Yeah, absolutely. Yeah. Yeah. And, and it also prepares them for the kind of crazy things I tell them in our, in our meetings,

Shpat (01:09:53):

Uh, if people want to either kind of read more about either of the, or any of the projects that you talk about in the work is you talked about or play with some of that that's, that's kind of further along, what can they do? Where can they find that?

Aditya (01:10:09):

So, uh, I have, uh, my UC Davis website has all the publications, uh, and we is also linked to my research group website where you have links to the source code. Uh, and, uh, they, of course they can always email me, uh, and, uh, I'll be happy to connect with them and so forth. So the website is tacos dot CS dot UC Davis study. EDU,

Shpat (01:10:35):

We'll put that link.

Joey (01:10:37):

We're nearing the end. Yeah. Is there anything else you'd like to add before we close out?

Aditya (01:10:42):

So I guess one thing is, uh, it sort of connects with, with the question you had, which is, I think, uh, definitely you want to encourage people, you know, in the industry or people who, uh, want to explore formal methods to, to reach out to me and other researchers. Uh, I think there's, there's probably a lot more collaboration that could happen in terms of, uh, usability, scalability, specific problems that, uh, we could work. Um,

Aditya (01:11:14):

I understand, you know, from, as an academic, there are different metrics and different goals and different constraints. Uh, and, and those obviously before from those, if you're, if you're working in a company or you're working towards a problem, but I think there's enough common ground, uh, where something can, can, can occur. And there are, I think that lots of researchers out there who are more than willing to collaborate and work, uh, in, in some capacity with, with folks outside of academia. Uh, so I would sort of encourage them to reach out in some ways to, um, uh, you know, find issues, send out requests and so forth. Yeah. I love that. You said that is one of the like faculty, I think in some people's mind is like this, like this, this busy professor they're doing research. They don't want to hear, they don't want to hear from me.

Aditya (01:12:10):

They don't want my, this, this person's so deep into abstract interpretation and program analysis.
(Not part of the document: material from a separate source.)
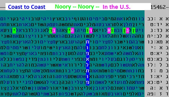 [ Update on July 24, 2016: several valid words that appeared in the future tense have been removed in accordance with my policy of taking great care not to over-state unproven results ]. This is a new kind of code for this web site. Most of the words are not a-priori (given in advance) and yet the method itself is systematic and a-priori. Words must be from a standard source such as all Tanach words. Words are not accepted unless they meet a low probability threshold for appearing so close to the axis. Words can not be diagonal. Words must repeat unless they meet an even smaller probability threshold. These are not arbitrary rules; rather they screen out words that could easily appear in many tables in order to focus on a smaller set. That smaller set is likely to be rich in intentionally-placed words. The significance of such a constrained table can be measured in a way similar to the method described in this peer-reviewed paper for measuring long phrases. In that case and in this case, the words are not a-priori but are highly constrained, and it is possible even with the aid of random look-ups in an English-only dictionary (or English Tanach) to estimate the unlikelihood of finding such "fitting" words among these highly constrained words. In this new case, we are interested only in the number of fitting words, rather than estimating the strength of each word's fit. And of course we factor in the number of non-fitting words as well. While much of this is subjective, the result can be tested against the opinions of a large enough review group to make it objective. Early estimates of these measures indicate that the above result is more significant than 1:100. Note that we can not say which words are for sure significant, but we can say that the overall table is significant because it has many more fitting words than expected. June 8, 2016 - Real codes and what to learn from them I'm going to try to explain some of the most important points about codes in this section, using one of my favorite code series. This series was copied from Doron Witztum's Hebrew web site (here and here). The starting codes are thanks to Rabbi Weissmandel who found them without a computer in the 1940s; with follow-on discoveries by Doron Witztum and Dr Moshe Katz, two codes pioneers in our generation. Here's the first:

There's no way my question is going to be like smart enough for them, but everybody dreams of the day that they get this email from, uh, a student, even like an undergrad or a, or somebody working in industry, that's just like, Hey, I have heard about abstract interpretation and I just want to learn more, what can I do? So they helped me and, and the vast majority of people are faculty because they want to teach, or they want to be involved and spread the word in some sense. And so that sort of thing is just so welcome and so exciting when it comes to encouraging people to do that as wonderful. Absolutely. Absolutely.

Shpat (01:12:49):

Well, I really enjoyed that conversation. Thank you so much for, for joining us and, and, and kind of sharing with us what you're doing.

Aditya (01:12:56):

Yeah. And, and hopefully some of that was useful. I know, I think they do ramble on a bit, or maybe get distracted by certain things and whatever, but hopefully that was informative enough to sign that you love what you're doing.

Shpat (01:13:12):

That's that's right. And you're, you're a good storyteller for sure. So, uh, you know, the, the end result, people will know what got cut out, but, but, uh, but I'm sure it will make sense. It was a pleasure. Thanks so much for joining us.